The portrayal of the new parents as affable stoners who can (within reason) enjoy a good party makes for an interesting inversion of the late, great Harold Ramis’ classic slobs-vs.-snobs formula: for once, it’s the party-animal kids that are the antagonists. But even they are not cut-and-dry villains: their desire to throw an epic blowout that will live up to their frat’s historic reputation is the stuff of classic college movies (and a not-so-subtle nod to the filmmakers’ hope that their movie will one day be mentioned in the same breath as classics like “Animal House” and “Back to School”) and Efron’s frat god is given some nice moments of vulnerability, guiding a scared pledge through a rough hazing and showing anxiety for his own post-collegiate life, in a nice parallel with his neighbors’ plight.

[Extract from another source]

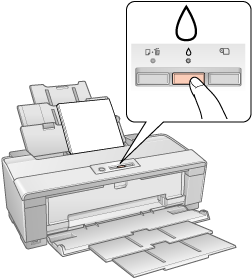 Apăsaţi şi menţineţi apăsat butonul pentru cerneală  timp de trei secunde.

Director Nicholas Stoller has helmed this kind of emotionally charged comedy before (has any ostensibly funny movie featured more crying than “Forgetting Sarah Marshall?”), but in working with Rogen he has never done a movie this loose and improvisation-heavy, and that’s not always to the film’s benefit. As the conflict between the two houses escalates, Rogen might have benefitted from bringing a little more of the dangerous edge he displayed so wonderfully in “Observe and Report” to his performance. And the endless, Apatow-inspired riffing would have benefitted from some trimming. Improvisation and pop culture references should be used sparingly; a scene where two wasted guys bond over who was the best Batman at the end of a long night of partying is a great place to let actors cut loose and build their own dialogue, but a breakup scene between two key players doesn’t need a Kevin James reference. Similarly, pop culture references are fun, but need to be used as seasoning for the actual jokes, not always as the jokes themselves (though one Outkast-inspired bit is Hall of Fame-level awesome).

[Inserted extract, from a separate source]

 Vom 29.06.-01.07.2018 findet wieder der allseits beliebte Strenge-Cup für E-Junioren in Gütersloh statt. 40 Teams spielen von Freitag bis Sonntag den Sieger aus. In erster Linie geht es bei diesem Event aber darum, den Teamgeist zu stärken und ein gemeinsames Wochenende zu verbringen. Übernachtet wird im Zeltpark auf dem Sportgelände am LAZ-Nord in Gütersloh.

For all of “Neighbors’” male-on-male plot shenanigans, surprise MVP performance award goes to Byrne. Following her breakout performance in “Bridesmaids,” Byrne proves herself to be every bit the comedic force as Rogen. Her new mom Kelly happily, gloriously upends every female stereotype for this type of comedy: not once does she nag her husband to stop escalating the feud, nor does she play the sober straight man to Rogen’s hijinks. It is to Rogen’s immense credit that, although a much bigger star, he cedes equal footing to Byrne for every punchline and plot development (when was the last time a female got half of the best laughs in a Will Ferrell or Adam Sandler comedy? Even Christina Applegate’s awesome performance in “Anchorman” was as a clear sidekick). On top of that, the pair have a natural, unforced chemistry, the kind you wouldn’t mind seeing share the screen again. Maybe in a stoner comedy about the fear of moving into a nursing home together in 2054.